Polish chemist (1935–2022)

Tadeusz Bartczak (28 July 1935 – 13 August 2022) was a Polish chemist and professor at the Lodz University of Technology.

In 1957, he obtained a master's degree in chemical engineering at the Faculty of Chemistry, Technical University of Lodz. In 1955, he started working at the Department of Inorganic Chemistry at the Technical University, in co-operation with professor, Edward Józefowicz. In 1965, he was awarded a doctoral degree. In the academic year 1969/1970, he worked at the Oxford University with professor, Dorothy Crowfoot Hodgkin—a Nobel Prize laureate. In the same year, he was nominated as a member of the Oxford University and a member of the Linacre College. He was a student of professor, Zdzisław Gałdecki. From 1982 to 1984, he worked at the University of Notre Dame and the Northwestern University in the United States. In 1986 he obtained his PhD; in 1997, he was awarded the title of professor, and full professor in 2001.
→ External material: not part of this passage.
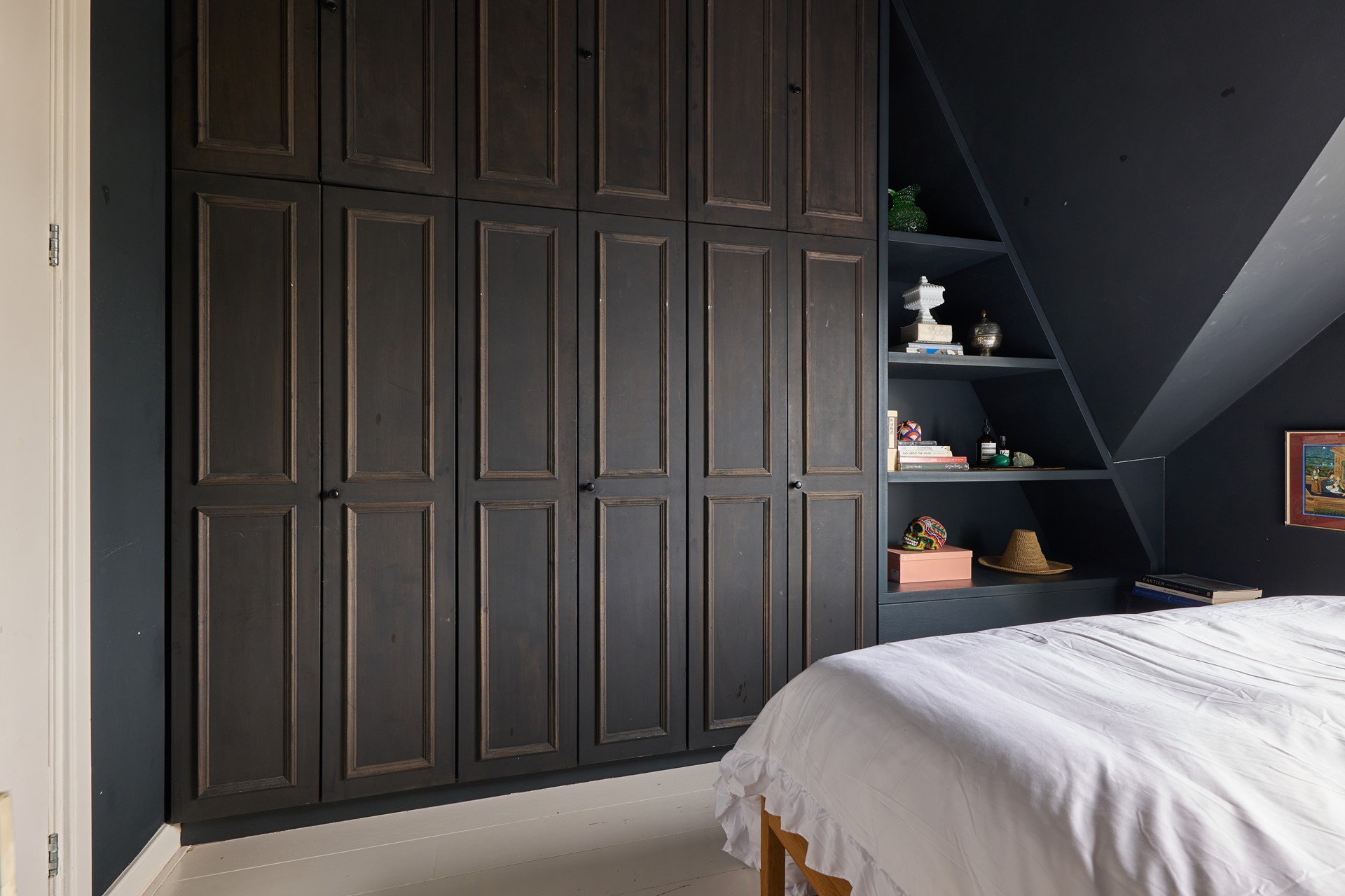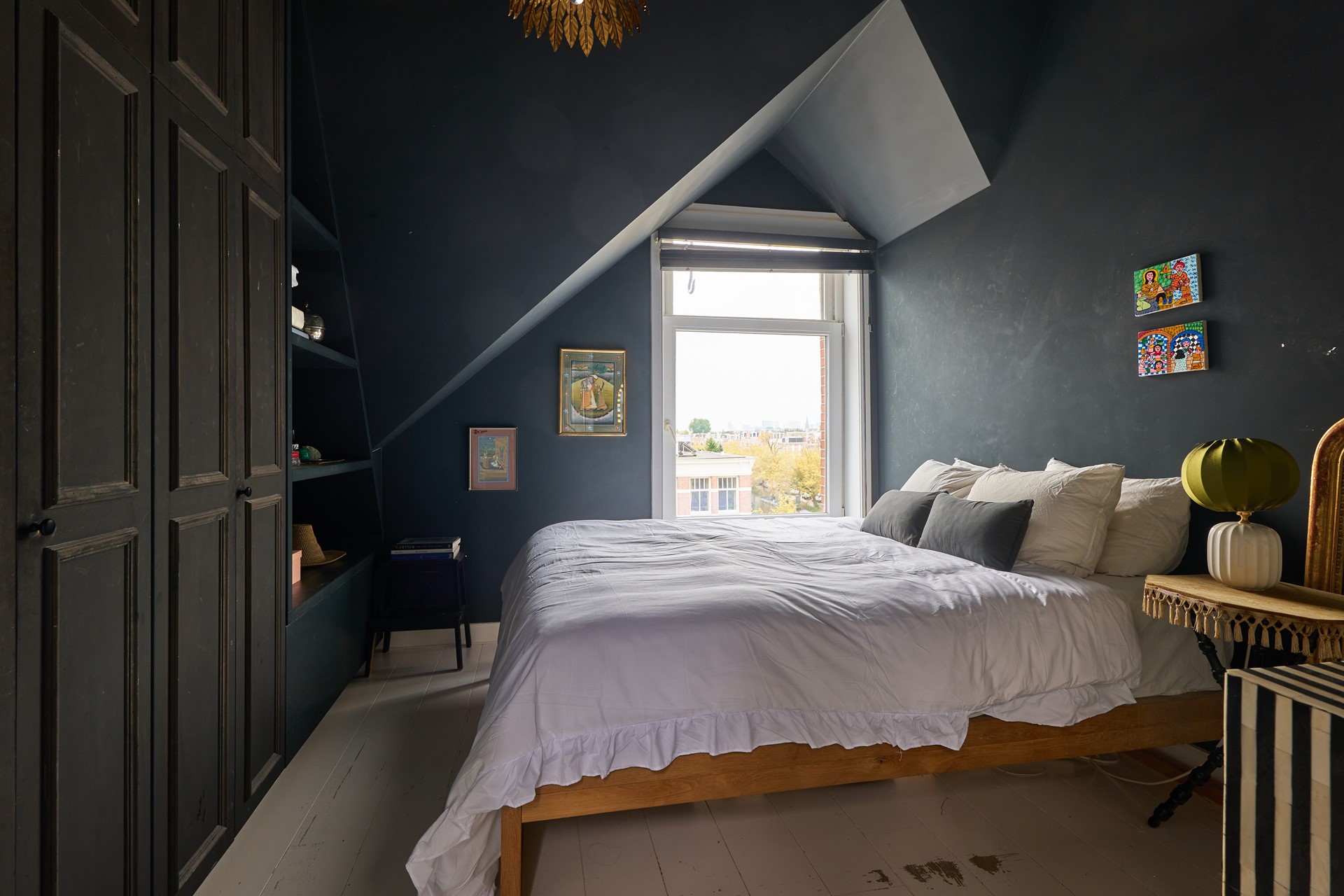 The master bedroom with morning sun and views of both the Rozengracht and Singelgracht canal features spacious built-in wardrobes with an antique look. The partially sloped ceiling and matte warm wall color give the space a playful and cozy atmosphere.

A specialist in crystal chemistry and X-ray structural analysis, his achievements included 80 publications. He also promoted four doctors.

From 1990 to 1993, he was the vice dean, and from 1993 to 1999 the head of doctoral studies of the Faculty of Chemistry at Technical University of Lodz. From 1997 to 2000, he was the president of Crystal Chemistry Division of the Chemical Society.

Bartczak died on 13 August 2022, at the age of 87.